Como a Folha de S.Paulo mostrou em outubro, a campanha na cidade foi marcada pelo ambiente hostil, que teve seu auge num confronto no bairro Roseiral, no qual homens armados, entre eles um segurança de Waguinho, expulsaram militantes de uma candidata do local.

Waguinho negou, em nota, ter cerceado a campanha de adversários. Daniela não retornou aos contatos feitos por meio de sua assessoria de imprensa na ocasião da reportagem.

A Procuradoria Regional Eleitoral investigou o caso, mas o arquivou após não conseguir reunir provas até o último dia 16, data limite para ajuizamento de acusações eleitorais.

Os relatos de intimidações na cidade mais claros foram feitos pela ex-deputada Sula do Carmo (Avante), ex-vice-prefeita da cidade. Ela afirma que sofreu retaliação desde julho, quando anunciou sua pré-candidatura, tendo como auge o conflito no Roseiral, na última semana de setembro.

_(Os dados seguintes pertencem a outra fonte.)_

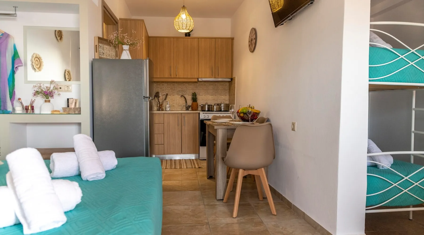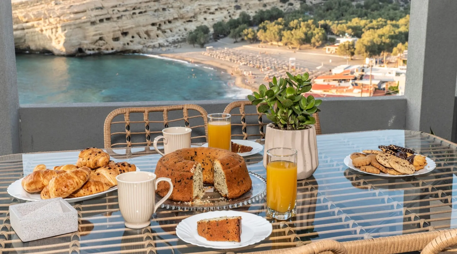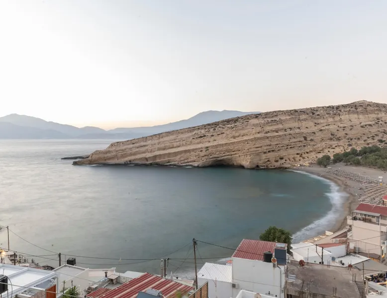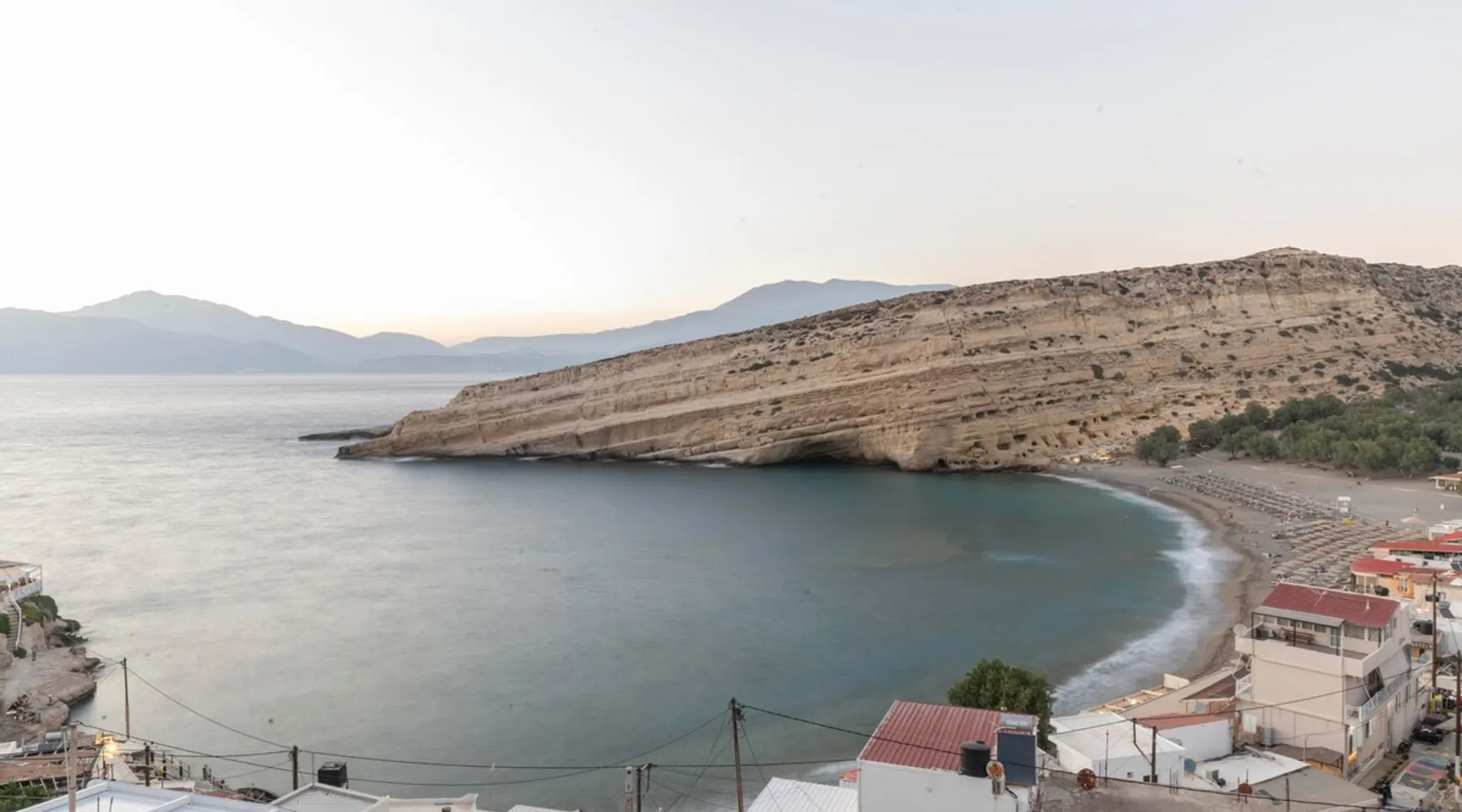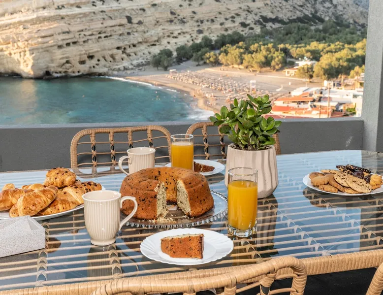 Charming apartment with amazing sea view on the hill of Matala. It is newly renovated and it has a breath taking open view to the Matala beach and the caves. It has a joined bedroom and kitchen area, a second smaller bedroom and it offers space for 4 guests. The big balcony with the open sea view directly in front of the Matala beach, invites you for breakfast, relaxing afternoons, family dinners and wonderful evenings with sunsets and a light breeze... The space Perfect for families, couples and friends who want to enjoy the Matala spirit and its unique atmosphere. Georgia Apartment can accommodate 4 people in a warm and welcoming atmosphere. The bedroom and kitchen area have an open formation and a lot of light and the breathtaking view of the Matala beach and the caves. The modern furniture, the open space and the amazing view make you feel comfortable from the first moment. The balcony invites you to eat, but also offers enough space for a game night or just an impressive sunset. There is one bedroom with 1 double bed and a second bedroom with a bunk bed. The kitchen is fully equipped. Every room has AC. The bathroom has a cabin with shower and is very modern. Georgia Apartment is the ideal place for an unforgettable stay in Matala. It is the perfect place with breathtaking view. It offers you serenity and yet it is very close to the taverns, cafes and the night life. Registration Details 00002124877

"Apareceram uns trogloditas e foi uma coisa horrível. Participo de política na cidade há 33 anos e nunca vi uma coisa dessa. Saíram mais de 30 homens armados indo para cima das meninas que faziam campanha para mim. Foi uma correria, e uma grávida perdeu o bebê", disse a ex-deputada.

Imagens do dia do tumulto mostram homens vestidos de preto e armados andando em grupo agredindo militantes de Sula. Ao fundo, estava um caminhão de som de Daniela do Waguinho.

Um dos envolvidos na confusão é o policial militar Fábio Sperendio, assessor de Canella que também atua como segurança do prefeito de Belford Roxo.

A limitação à campanha de Sula se tornou mais evidente em maio, quando o prefeito desapropriou o galpão que sempre usou em suas campanhas eleitorais. Houve a tentativa de tomar posse do imóvel na véspera do evento de lançamento da candidatura da ex-deputada, em julho.

"O prefeito quer o monopólio da cidade. Eu evitei fazer política lá porque ele sempre mandava equipe para perseguir. Ficava mandando recados de que não podia entrar lá. Comerciante que colocasse adesivo meu ele mandava fechar", disse a ex-deputada.

No palanque de Lula, Daniela respondeu de forma indireta às acusações. "Não foi voto comprado, foi voto conquistado. Eu conquistei o respeito de todos vocês. Não só de Belford Roxo, mas de todo o Rio de Janeiro."